Data provided ::
+ + + + + + +

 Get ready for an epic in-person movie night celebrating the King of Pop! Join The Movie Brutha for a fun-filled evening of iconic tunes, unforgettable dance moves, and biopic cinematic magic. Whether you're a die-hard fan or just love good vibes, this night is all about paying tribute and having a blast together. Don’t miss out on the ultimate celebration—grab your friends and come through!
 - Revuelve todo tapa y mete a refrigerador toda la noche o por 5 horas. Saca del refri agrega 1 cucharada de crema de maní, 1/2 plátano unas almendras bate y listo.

+ + + + + + +

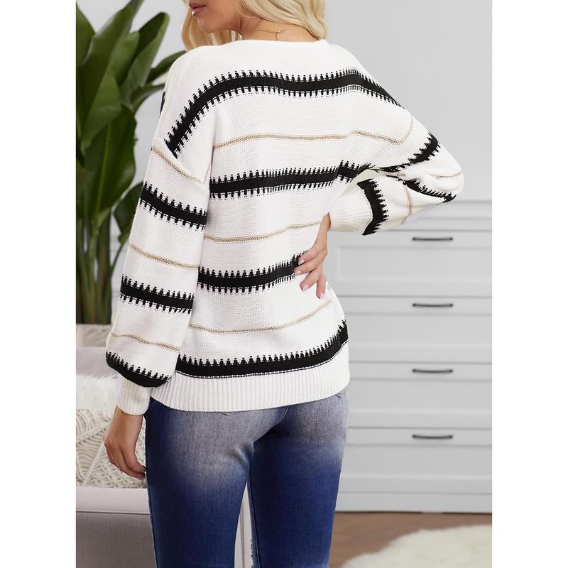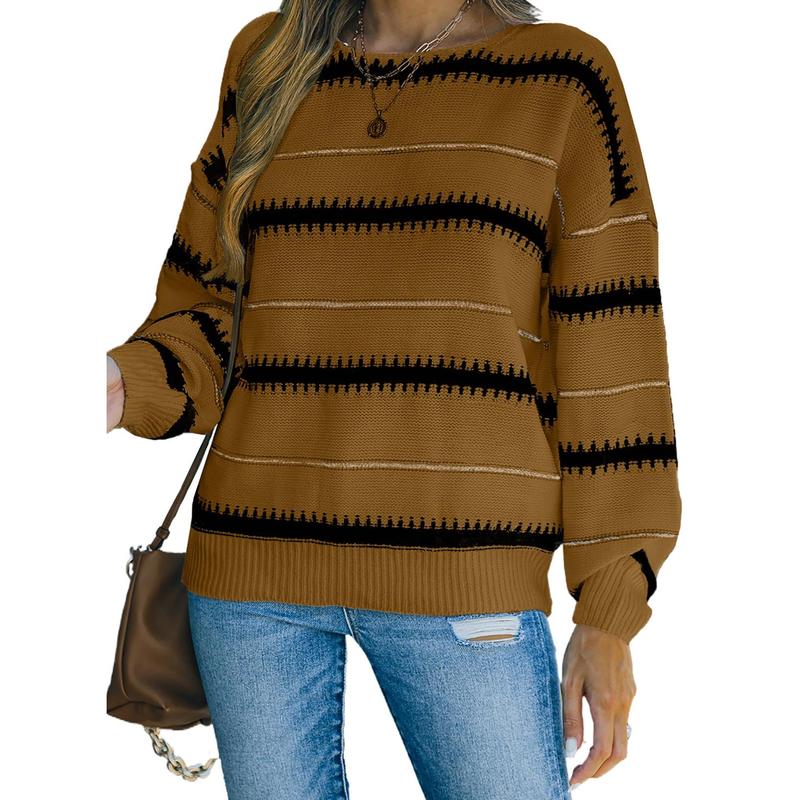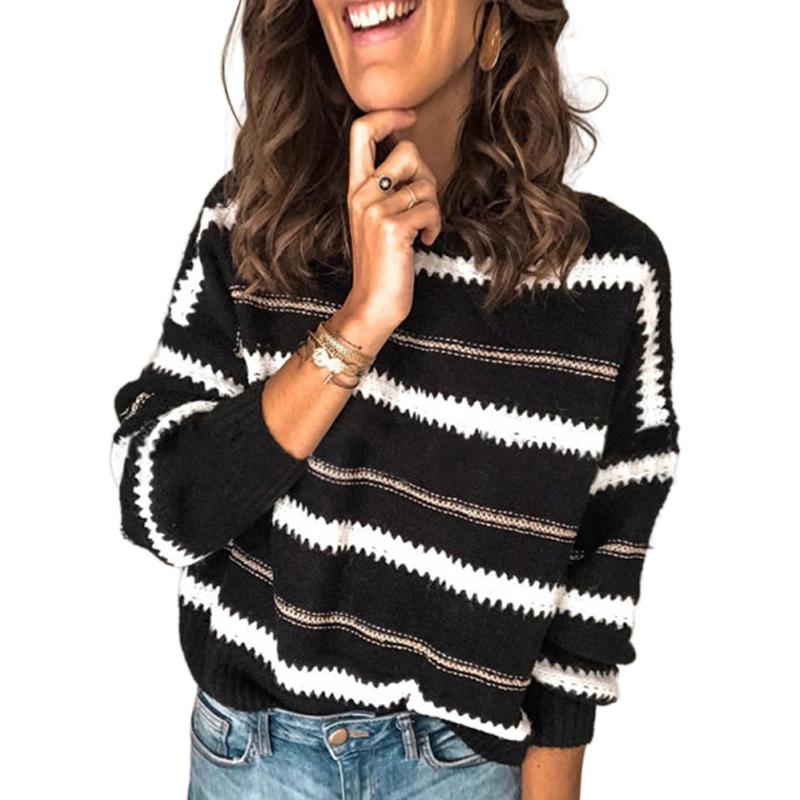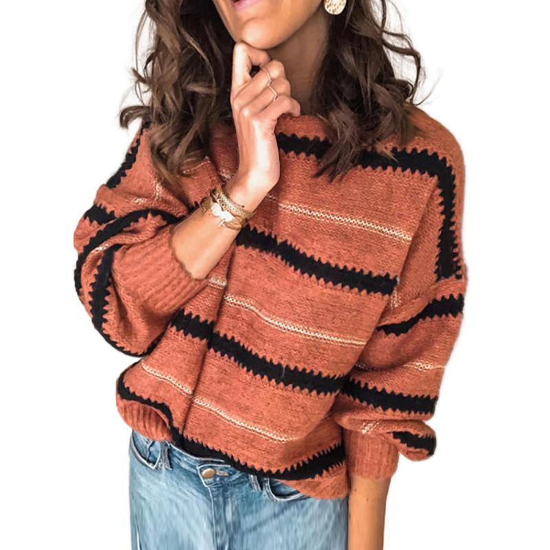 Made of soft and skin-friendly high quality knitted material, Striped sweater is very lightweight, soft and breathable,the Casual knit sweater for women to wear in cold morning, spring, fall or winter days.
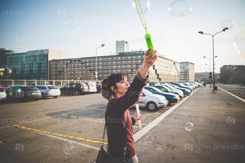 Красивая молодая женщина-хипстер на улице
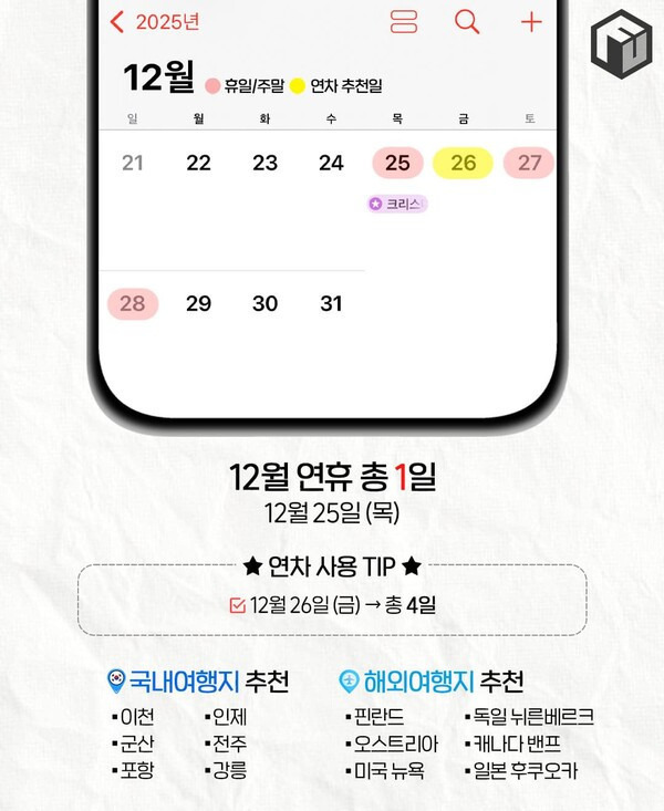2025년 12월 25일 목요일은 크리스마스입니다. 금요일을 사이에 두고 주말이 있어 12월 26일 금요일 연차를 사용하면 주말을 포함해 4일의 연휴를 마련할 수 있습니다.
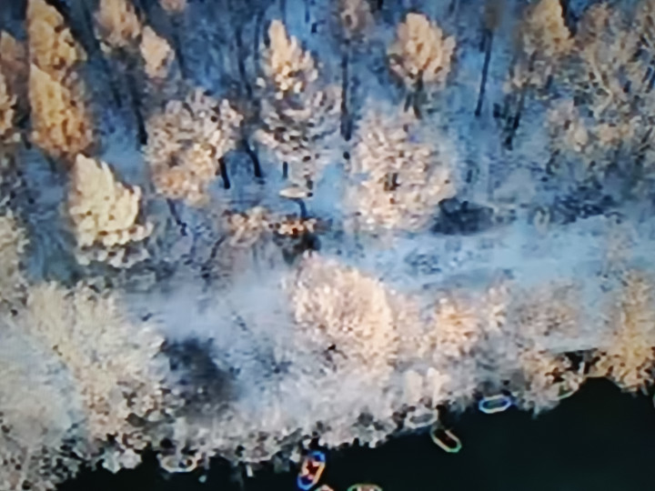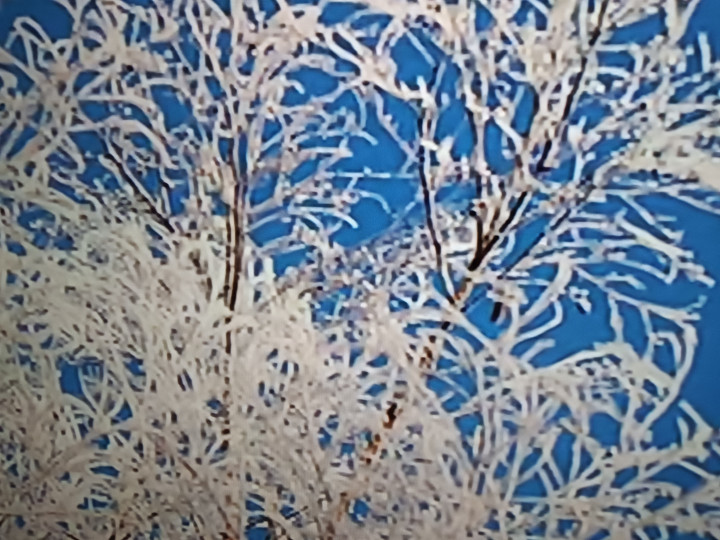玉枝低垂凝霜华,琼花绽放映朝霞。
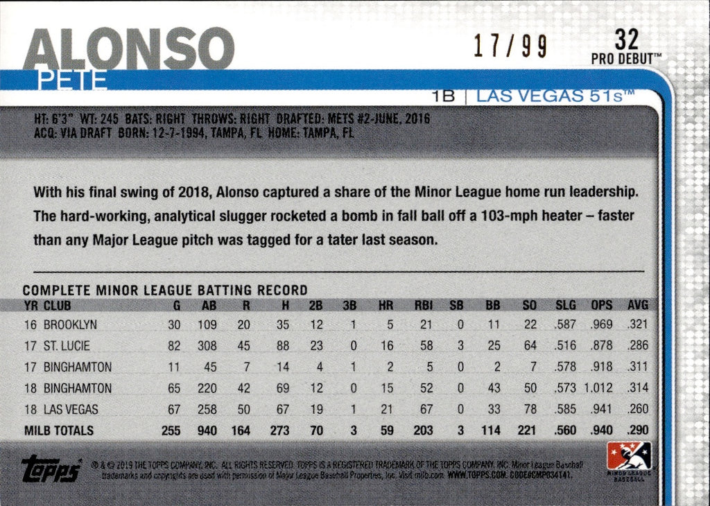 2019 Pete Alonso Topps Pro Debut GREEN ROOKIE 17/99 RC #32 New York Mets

+ + + + + + +

Activity ::
Write down, word for word, the lines above from the one containing "Get ready for" through the one containing "- Revuelve todo", both ends included.

Output ::
 Get ready for an epic in-person movie night celebrating the King of Pop! Join The Movie Brutha for a fun-filled evening of iconic tunes, unforgettable dance moves, and biopic cinematic magic. Whether you're a die-hard fan or just love good vibes, this night is all about paying tribute and having a blast together. Don’t miss out on the ultimate celebration—grab your friends and come through!
 - Revuelve todo tapa y mete a refrigerador toda la noche o por 5 horas. Saca del refri agrega 1 cucharada de crema de maní, 1/2 plátano unas almendras bate y listo.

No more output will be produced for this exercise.